First Principles of Mechanistic Interpretability

Author

Taras Tsugrii

Published

January 14, 2026

Welcome

This is a first-principles exploration of mechanistic interpretability — the project of reverse engineering neural networks to understand how they work, not just that they work.

0.1 What This Book Is

A 15-chapter journey from foundations to practice:

  • Arc I: Foundations (Chapters 1-4) — What are we trying to understand? The transformer architecture, residual stream, and geometric structure of representations.
  • Arc II: Core Theory (Chapters 5-8) — Features, superposition, toy models, and circuits. The conceptual framework for interpretation.
  • Arc III: Techniques (Chapters 9-12) — Sparse autoencoders, attribution, activation patching, and ablation. The tools of the trade.
  • Arc IV: Synthesis (Chapters 13-15) — Induction heads as a complete case study, open problems in the field, and a practical guide to doing research.

0.2 How the Chapters Connect

The diagram below shows how concepts build on each other across the four arcs:

flowchart TB
    subgraph ARC1["Arc I: Foundations"]
        A1["Ch 1: Why Reverse Engineer?"]
        A2["Ch 2: Transformers"]
        A3["Ch 3: Residual Stream"]
        A4["Ch 4: Geometry"]
    end

    subgraph ARC2["Arc II: Core Theory"]
        A5["Ch 5: Features"]
        A6["Ch 6: Superposition"]
        A7["Ch 7: Toy Models"]
        A8["Ch 8: Circuits"]
    end

    subgraph ARC3["Arc III: Techniques"]
        A9["Ch 9: SAEs"]
        A10["Ch 10: Attribution"]
        A11["Ch 11: Patching"]
        A12["Ch 12: Ablation"]
    end

    subgraph ARC4["Arc IV: Synthesis"]
        A13["Ch 13: Induction Heads"]
        A14["Ch 14: Open Problems"]
        A15["Ch 15: Practice Regime"]
    end

    %% Arc I flow
    A1 --> A2
    A2 --> A3
    A3 --> A4

    %% Arc I to Arc II
    A4 --> A5
    A3 --> A5

    %% Arc II flow
    A5 --> A6
    A6 --> A7
    A5 --> A8
    A7 --> A8

    %% Arc II to Arc III
    A6 --> A9
    A3 --> A10
    A8 --> A11
    A8 --> A12

    %% Arc III flow
    A9 --> A10
    A10 --> A11
    A11 --> A12

    %% All techniques feed into synthesis
    A12 --> A13
    A9 --> A13
    A8 --> A13

    %% Synthesis flow
    A13 --> A14
    A14 --> A15

    %% Styling
    style ARC1 fill:#e3f2fd,stroke:#1976d2
    style ARC2 fill:#f3e5f5,stroke:#7b1fa2
    style ARC3 fill:#e8f5e9,stroke:#388e3c
    style ARC4 fill:#fff3e0,stroke:#f57c00

Concept map showing how chapters build on each other. Arrows indicate conceptual dependencies.

TipReading Paths

Choose based on your background and goals:

Complete Learning Journey (5 hours)
Chapters 1→15 in order. Best for deep understanding.
ML Practitioner Fast Track (3 hours)
Skip to Ch 5→8 (theory), then Ch 9→12 (techniques), then Ch 13 (case study).
Assumes: You know transformers, attention, MLPs.
Safety-Focused Path (2.5 hours)
Ch 1 (motivation) → Ch 5-6 (features, superposition) → Ch 9 (SAEs) → Ch 14 (open problems)
Goal: Understand what interpretability can and can’t do for AI safety.
Hands-On Researcher (4 hours)
SetupFirst Analysis → Ch 9-12 (techniques) → Ch 15 (practice) → Exercises
Goal: Start doing interpretability research quickly.
Reference User
Use Quick Reference as a cheat sheet, Zoo of Circuits for known mechanisms, Running Example to see all techniques applied to one behavior.
ImportantWant to Start Coding? (30 minutes)
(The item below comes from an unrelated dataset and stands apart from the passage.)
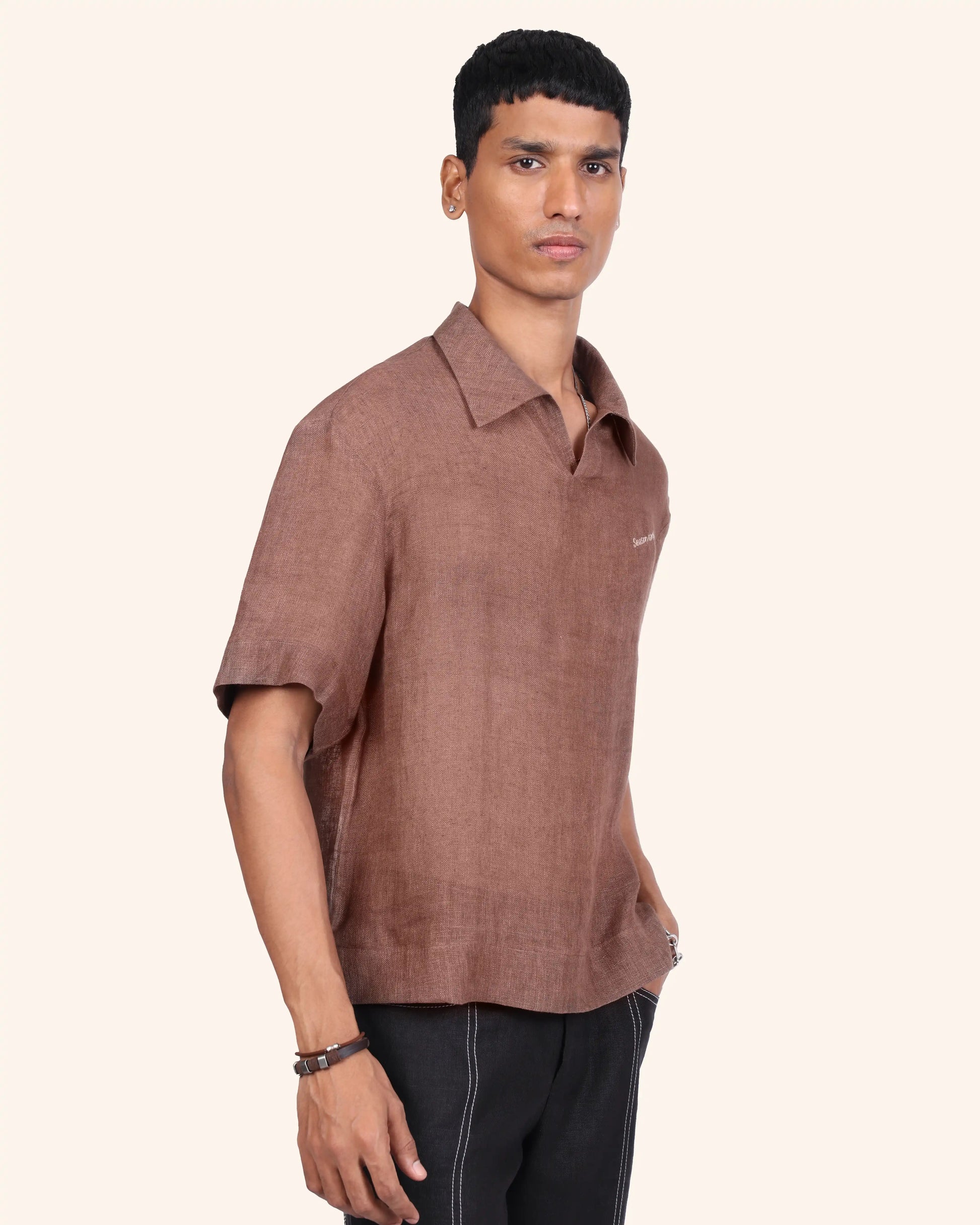 Soft brown linen meets clean tailoring in this shirt designed for versatility. With its grounded hue and structured ease, it brings subtle depth to every look. Made to order in 100% pure linen, it’s minimalism done right.

If you prefer learning by doing:

  1. Environment Setup (5 min) — Get TransformerLens running in Colab
  2. Your First Analysis (25 min) — Complete walkthrough analyzing a real behavior

You’ll have hands-on experience with attribution and patching before reading any theory.

TipWant a Quick Win? (10 minutes)

Want to see what interpretability reveals before diving in?

  1. Explore real features (5 min): Visit Neuronpedia and click “Random Feature.” Look at the max-activating examples. Can you guess what concept the feature represents? Try 3-4 features.

  2. See attention patterns (5 min): Visit the Transformer Explainer to visualize how attention moves information between tokens.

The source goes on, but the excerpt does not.